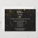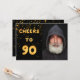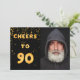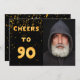 Um convite de aniversário de 90 de tendências. Com o texto: Alega-se a 90 na frente, com letras falsas de balões de ouro. Fundo preto. Com ouro confetti. Modelo para sua foto. Adicione os detalhes do evento no verso. Letras brancas, fundo preto.
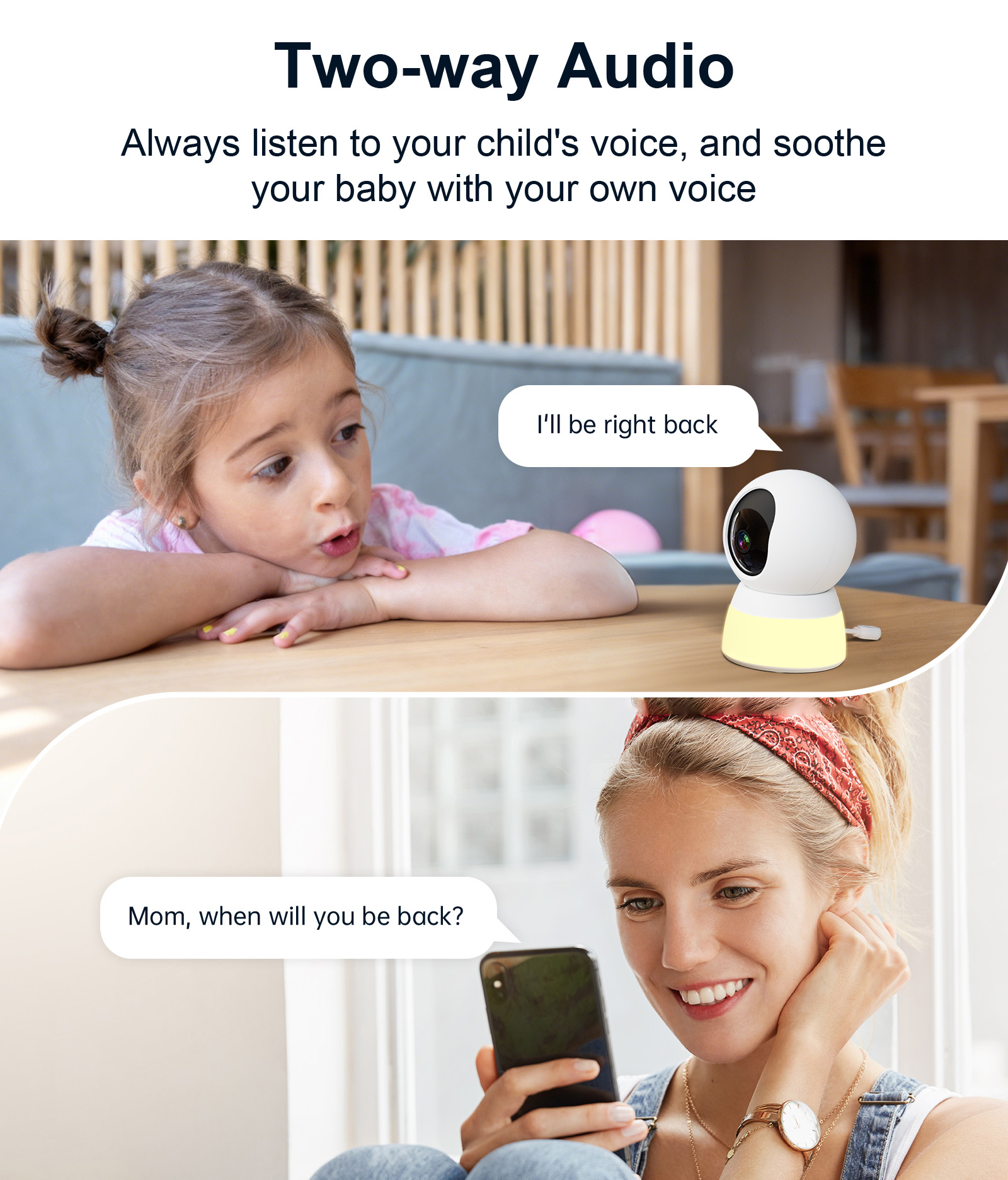 Listen to your child’s voice at any time, and soothe your baby with your own voice—making remote interaction more caring.
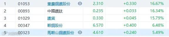 西部证券近日发研报称,三季度随着铁矿石价格的进一步下跌,吨钢毛利预计会扩张至1000元左右,甚至更高,钢铁企业即将迎来利润扩张周期。2021年上半年吨钢毛利在500元左右,进入4月份,由于铁矿石价格上涨的挤压,钢铁毛利迅速收缩至亏损边缘。马钢(323)升5.49%,重庆钢铁(1053)升16.67%,马钢(323)也升5.49%。
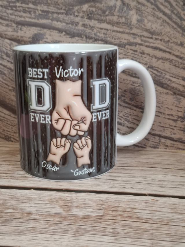 Avec son effet 3D gonflé, ce mug unique et plein d'émotion représentant les poings d'un papa et de ses enfants avec chacun de leur prénom.
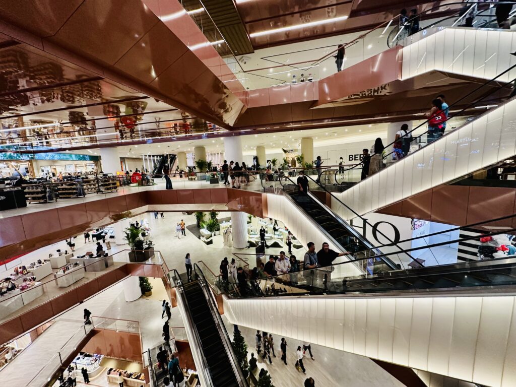 มาว่ากันส่วนหลักคือตัวห้าง โดยรวมขนาดไม่ใหญ่ เดินง่ายไม่มีหลง จำนวนชั้นไม่เยอะมาก งานตกแต่งดีงามตามธีมสามสี เงิน ทอง ทองแดง ตามฮวงจุ้ย ถ่ายรูปมุมไหนก็ออกมาสวย แม้จะไม่สวยอลังการเท่าเซ็นทรัลเอ็มบาสซี แต่ก็ดูดีมากๆ ในแบบของตัวเอง
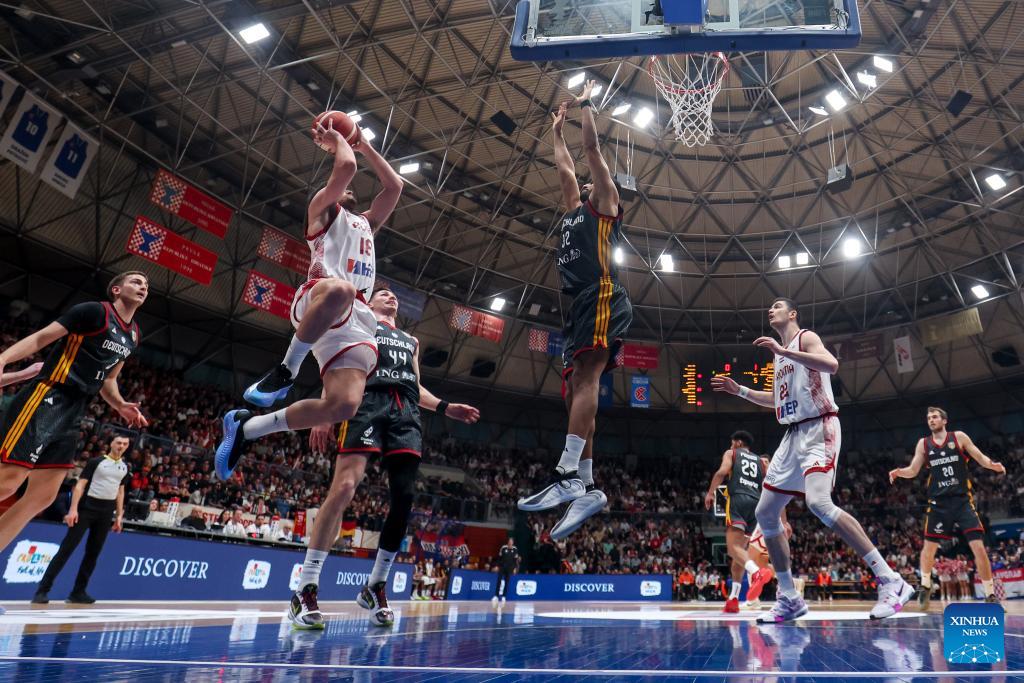 Johannes Thiemann (top) of Germany dunks during the first round group E match between Croatia and Germany at the FIBA Basketball World Cup 2027 European Qualifiers in Zagreb, Croatia, on Feb. 27, 2026. (Igor Kralj/PIXSELL via Xinhua)
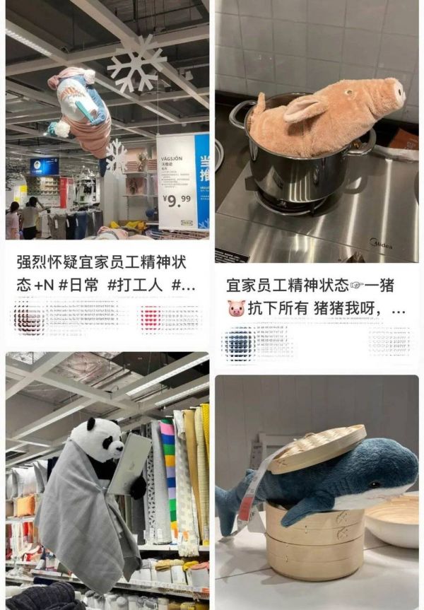 丑萌的宜家玩偶,被员工们摆放成了在发疯边缘反复试探的样子,然后在小红书出圈。
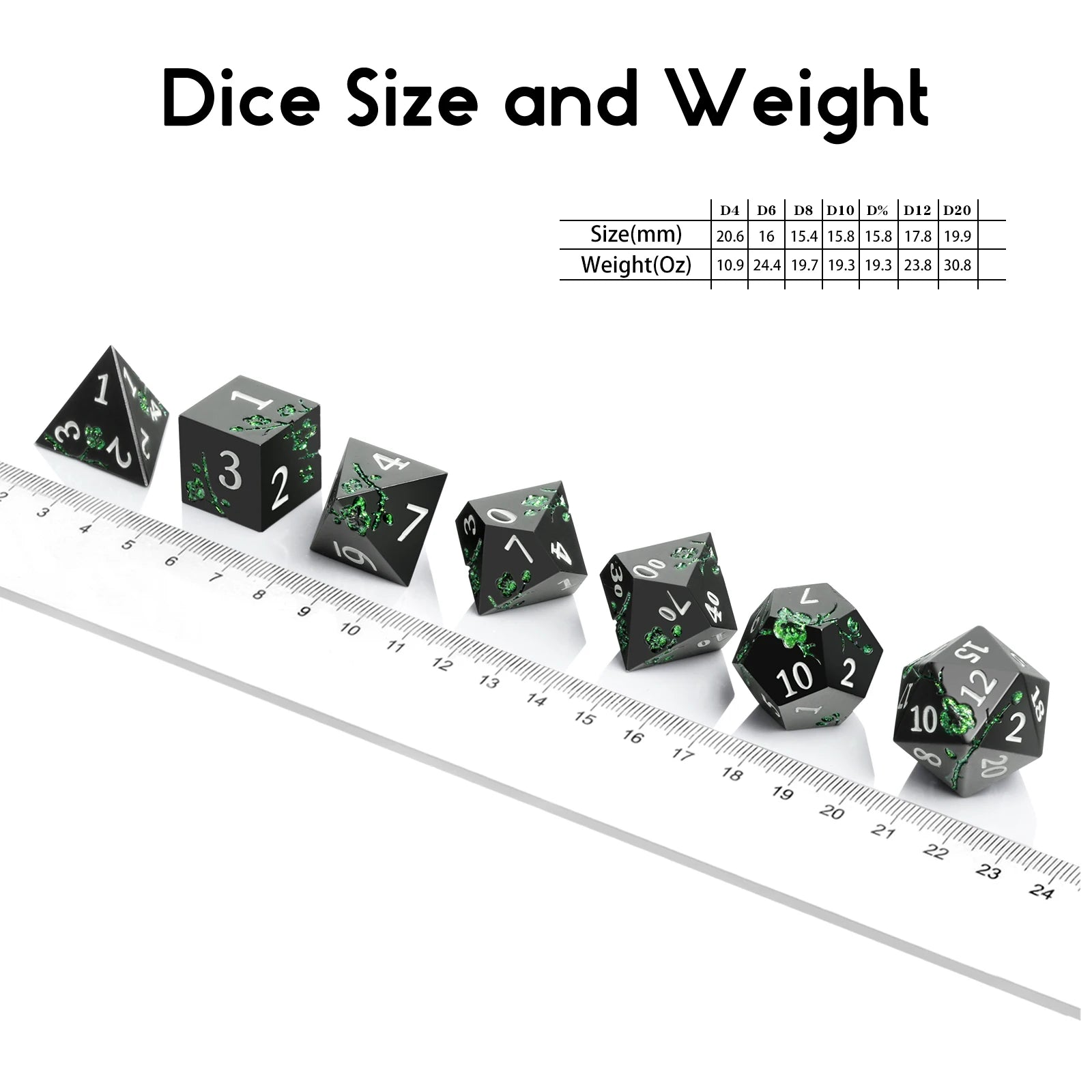 Elevate your tabletop gaming arsenal with this professional-caliber 7-piece metal dice set, engineered from high-grade zinc alloy with meticulous attention to manufacturing precision. The matte black finish provides a refined aesthetic foundation, while the delicate glitter green floral accents add visual sophistication without compromising functionality. Specifically designed for serious Dungeons & Dragons players and competitive tabletop RPG enthusiasts, these dice deliver consistent performance across extended gaming sessions. The substantial metal construction ensures optimal weight distribution for balanced rolls, while the precision-cast design minimizes variance—critical for players who demand reliability. Each die meets exacting quality standards, reflecting professional-grade craftsmanship. The complete 7-piece polyhedral set includes all dice necessary for comprehensive gameplay across multiple RPG systems. Dual storage solutions accommodate different needs: a protective velvet pouch offers convenient portability for gaming groups and convention play, while a reinforced metal box provides secure storage and serves as an impressive display case for collection curation. The durable zinc alloy construction withstands rigorous use without degradation, ensuring long-term performance integrity. Whether you're a game master managing complex campaigns, a competitive player seeking equipment advantages, or a collector investing in premium gaming tools, this set represents exceptional value and professional-grade quality.

◆ ◆ ◆ ◆ ◆ ◆ ◆

Would you restate the listing word for word and leave every picture out?

 Um convite de aniversário de 90 de tendências. Com o texto: Alega-se a 90 na frente, com letras falsas de balões de ouro. Fundo preto. Com ouro confetti. Modelo para sua foto. Adicione os detalhes do evento no verso. Letras brancas, fundo preto.
 Listen to your child’s voice at any time, and soothe your baby with your own voice—making remote interaction more caring.
 西部证券近日发研报称,三季度随着铁矿石价格的进一步下跌,吨钢毛利预计会扩张至1000元左右,甚至更高,钢铁企业即将迎来利润扩张周期。2021年上半年吨钢毛利在500元左右,进入4月份,由于铁矿石价格上涨的挤压,钢铁毛利迅速收缩至亏损边缘。马钢(323)升5.49%,重庆钢铁(1053)升16.67%,马钢(323)也升5.49%。
 Avec son effet 3D gonflé, ce mug unique et plein d'émotion représentant les poings d'un papa et de ses enfants avec chacun de leur prénom.
 มาว่ากันส่วนหลักคือตัวห้าง โดยรวมขนาดไม่ใหญ่ เดินง่ายไม่มีหลง จำนวนชั้นไม่เยอะมาก งานตกแต่งดีงามตามธีมสามสี เงิน ทอง ทองแดง ตามฮวงจุ้ย ถ่ายรูปมุมไหนก็ออกมาสวย แม้จะไม่สวยอลังการเท่าเซ็นทรัลเอ็มบาสซี แต่ก็ดูดีมากๆ ในแบบของตัวเอง
 Johannes Thiemann (top) of Germany dunks during the first round group E match between Croatia and Germany at the FIBA Basketball World Cup 2027 European Qualifiers in Zagreb, Croatia, on Feb. 27, 2026. (Igor Kralj/PIXSELL via Xinhua)
 丑萌的宜家玩偶,被员工们摆放成了在发疯边缘反复试探的样子,然后在小红书出圈。
 Elevate your tabletop gaming arsenal with this professional-caliber 7-piece metal dice set, engineered from high-grade zinc alloy with meticulous attention to manufacturing precision. The matte black finish provides a refined aesthetic foundation, while the delicate glitter green floral accents add visual sophistication without compromising functionality. Specifically designed for serious Dungeons & Dragons players and competitive tabletop RPG enthusiasts, these dice deliver consistent performance across extended gaming sessions. The substantial metal construction ensures optimal weight distribution for balanced rolls, while the precision-cast design minimizes variance—critical for players who demand reliability. Each die meets exacting quality standards, reflecting professional-grade craftsmanship. The complete 7-piece polyhedral set includes all dice necessary for comprehensive gameplay across multiple RPG systems. Dual storage solutions accommodate different needs: a protective velvet pouch offers convenient portability for gaming groups and convention play, while a reinforced metal box provides secure storage and serves as an impressive display case for collection curation. The durable zinc alloy construction withstands rigorous use without degradation, ensuring long-term performance integrity. Whether you're a game master managing complex campaigns, a competitive player seeking equipment advantages, or a collector investing in premium gaming tools, this set represents exceptional value and professional-grade quality.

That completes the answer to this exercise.